■ The data ■
◇ ◇ ◇ ◇ ◇
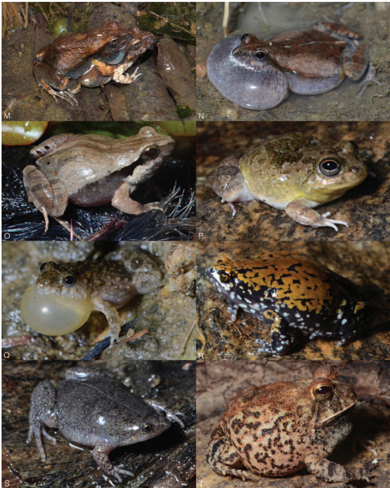
Figure 3 (continued). Anurans registered at the Middle Jaguaribe River Region, Ceará State, northeastern Brazil: M = couple of Physalaemus cicada (AAGARDA ); N = Physalaemus cicada (AAGARDA 10329); O = Physalaemus cuvieri (AAGARDA 10394); P = Pleurodema diplolister (AAGARDA 10349); Q = Pseudopaludicola pocoto (AAGARDA 10335); R = Dermatonotus muelleri (AAGARDA 10209). Anurans registered at the Middle Jaguaribe River region, Ceará State, northeastern Brazil: S = Elachistocleis piauiensis (AAGARDA 10251); T = Proceratophrys cristiceps (AAGARDA 10401).
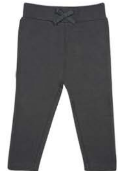
Rib legging 24085006 baby €17,99 toddler €19,99
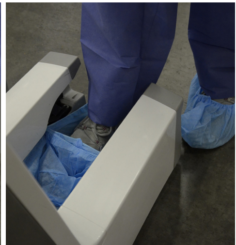
Repeat with other foot.

Dispensar las cubiertas de zapatos ahora es tan simple como 1 - 2 - 3:
◇ ◇ ◇ ◇ ◇
■ Exercise ■
Repeat the material verbatim. Do not carry over any picture.

■ Answer box ■
Figure 3 (continued). Anurans registered at the Middle Jaguaribe River Region, Ceará State, northeastern Brazil: M = couple of Physalaemus cicada (AAGARDA ); N = Physalaemus cicada (AAGARDA 10329); O = Physalaemus cuvieri (AAGARDA 10394); P = Pleurodema diplolister (AAGARDA 10349); Q = Pseudopaludicola pocoto (AAGARDA 10335); R = Dermatonotus muelleri (AAGARDA 10209). Anurans registered at the Middle Jaguaribe River region, Ceará State, northeastern Brazil: S = Elachistocleis piauiensis (AAGARDA 10251); T = Proceratophrys cristiceps (AAGARDA 10401).
Rib legging 24085006 baby €17,99 toddler €19,99
Repeat with other foot.

Dispensar las cubiertas de zapatos ahora es tan simple como 1 - 2 - 3:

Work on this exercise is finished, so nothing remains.